Export the AWS_SECRET_ACCESS_KEY and AWS_ACCESS_KEY_ID environment variables for the user that deployed the CloudFormation stack. If needed, export the AWS_SESSION_TOKEN as well.

A terminal of the host instance opens up.

For more information, see Environment variables to configure the AWS CLI.

Environment setup

At the prompt, enter the following command to configure the Kubernetes client (kubectl) and to setup the environment:

sh /tmp/liminal-startup/env_setup.sh

The following diagram illustrates the environment setup:

The env setup includes:

up an access between Airflow and Amazon EKS
Defining Amazon EFS

Liminal Build and Deploy

Enter the following command:

sh /tmp/liminal-startup/liminal_setup.sh

The command will:

Clone & customize liminal.yaml to the cloud environment specific parameters.
Run liminal build which will create a docker image of the Iris Classification.
Push docker image to Amazon ECR after authentication.
Deploy files to Amazon S3 — liminal.yaml & the liminal_dags.py.

Execute the Pipeline

Once we have built and deployed the artifacts, we can run the Airflow DAG.

Navigate to the and open the Open Airflow UI.
Run the my_datascience_pipeline

Liminal plugin will use the definition in the yaml to execute the pipeline as standard Airflow DAG. The result will be stored in Amazon EFS.

Launch a Python Flask server

After executing the pipeline defined in the yaml file the model is stored in Amazon EFS. We will launch a docker container that is mounted to the Amazon EFS, where the result of the trained model exists.

sh /tmp/liminal-startup/model_server.sh

Our pre-built docker image in Amazon ECR contains a serving Python class in Flask which we will use in order to check the healthcheck of the microservice and to get the prediction that was stored in Amazon EFS.

Getting model prediction

After running the above script of the model_server.sh you will locally get a Python flask server in a container.
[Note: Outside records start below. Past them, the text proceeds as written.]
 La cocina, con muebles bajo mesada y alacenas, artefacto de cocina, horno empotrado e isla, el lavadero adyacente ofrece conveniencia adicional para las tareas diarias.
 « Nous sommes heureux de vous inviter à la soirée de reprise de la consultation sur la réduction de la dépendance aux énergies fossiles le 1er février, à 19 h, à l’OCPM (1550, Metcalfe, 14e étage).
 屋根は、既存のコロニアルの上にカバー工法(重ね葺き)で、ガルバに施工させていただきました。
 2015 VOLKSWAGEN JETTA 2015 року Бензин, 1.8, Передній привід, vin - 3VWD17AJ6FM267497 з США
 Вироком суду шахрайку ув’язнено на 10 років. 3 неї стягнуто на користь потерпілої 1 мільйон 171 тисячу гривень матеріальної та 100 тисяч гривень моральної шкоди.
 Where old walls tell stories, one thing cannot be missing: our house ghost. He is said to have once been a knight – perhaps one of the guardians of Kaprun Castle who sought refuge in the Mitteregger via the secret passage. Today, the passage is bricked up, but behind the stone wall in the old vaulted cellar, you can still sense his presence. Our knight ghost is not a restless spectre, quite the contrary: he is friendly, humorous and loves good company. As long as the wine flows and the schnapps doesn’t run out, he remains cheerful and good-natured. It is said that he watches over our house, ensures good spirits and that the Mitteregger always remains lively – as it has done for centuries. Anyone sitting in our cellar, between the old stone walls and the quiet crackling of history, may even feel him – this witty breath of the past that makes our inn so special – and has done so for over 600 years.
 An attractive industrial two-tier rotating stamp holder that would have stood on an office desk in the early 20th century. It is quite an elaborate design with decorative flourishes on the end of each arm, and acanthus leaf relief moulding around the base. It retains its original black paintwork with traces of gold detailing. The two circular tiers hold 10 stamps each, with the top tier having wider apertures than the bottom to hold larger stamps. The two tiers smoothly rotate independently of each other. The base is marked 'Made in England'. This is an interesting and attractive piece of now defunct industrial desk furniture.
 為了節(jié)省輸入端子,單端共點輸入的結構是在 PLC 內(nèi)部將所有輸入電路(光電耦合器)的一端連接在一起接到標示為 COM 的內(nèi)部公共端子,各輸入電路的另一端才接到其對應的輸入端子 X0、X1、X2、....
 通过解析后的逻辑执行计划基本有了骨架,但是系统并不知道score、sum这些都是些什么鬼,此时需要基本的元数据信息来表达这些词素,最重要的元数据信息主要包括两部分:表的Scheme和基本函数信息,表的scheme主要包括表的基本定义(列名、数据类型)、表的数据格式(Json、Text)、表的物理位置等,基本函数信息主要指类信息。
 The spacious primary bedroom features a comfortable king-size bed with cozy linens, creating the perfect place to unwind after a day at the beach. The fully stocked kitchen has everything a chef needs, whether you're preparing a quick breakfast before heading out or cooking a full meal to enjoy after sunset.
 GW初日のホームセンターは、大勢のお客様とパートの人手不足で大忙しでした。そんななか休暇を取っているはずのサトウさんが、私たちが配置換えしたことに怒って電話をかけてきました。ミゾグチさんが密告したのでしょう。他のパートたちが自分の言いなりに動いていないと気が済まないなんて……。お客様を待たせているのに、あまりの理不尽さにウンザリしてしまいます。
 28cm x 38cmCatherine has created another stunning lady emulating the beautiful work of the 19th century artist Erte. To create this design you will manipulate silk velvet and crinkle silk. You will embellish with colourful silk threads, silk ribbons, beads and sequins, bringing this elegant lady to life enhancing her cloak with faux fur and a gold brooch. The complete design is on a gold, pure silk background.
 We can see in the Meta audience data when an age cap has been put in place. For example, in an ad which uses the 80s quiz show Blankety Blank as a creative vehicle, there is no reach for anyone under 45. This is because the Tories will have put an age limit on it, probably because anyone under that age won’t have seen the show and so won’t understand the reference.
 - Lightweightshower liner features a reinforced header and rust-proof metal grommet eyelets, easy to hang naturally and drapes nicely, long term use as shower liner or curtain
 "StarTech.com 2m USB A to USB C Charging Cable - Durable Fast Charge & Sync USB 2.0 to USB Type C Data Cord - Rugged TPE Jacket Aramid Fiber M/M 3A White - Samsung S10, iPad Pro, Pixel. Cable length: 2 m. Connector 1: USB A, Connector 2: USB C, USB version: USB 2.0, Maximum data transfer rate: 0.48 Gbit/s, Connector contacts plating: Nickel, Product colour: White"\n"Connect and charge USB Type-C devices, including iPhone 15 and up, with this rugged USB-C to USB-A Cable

Check that the Python flask server is up:

curl localhost/healthcheck

Check the prediction:

curl -X POST -d '{"petal_width": "2.1"}' localhost/predict

Cleaning up the environment

Open the AWS CloudFormation console at https://console.aws.amazon.com/cloudformation.
On the Stacks page in the CloudFormation console, select the stack that you want to delete. The stack must be currently running.
In the stack details pane, choose Delete (select ‘Delete’ stack when prompted).

Setup your local Apache-Liminal Environment

You might want to get started in local environment. A guide to install and run the Iris Classification locally is described here.

Join The Effort!

In this blog post we introduced how Apache Liminal can be used together with Amazon MWAA to simplify the orchestration of ML workflows. We have exemplified using a simple ML workflow how data scientists can use those tools to independently author and execute their ML application in AWS cloud.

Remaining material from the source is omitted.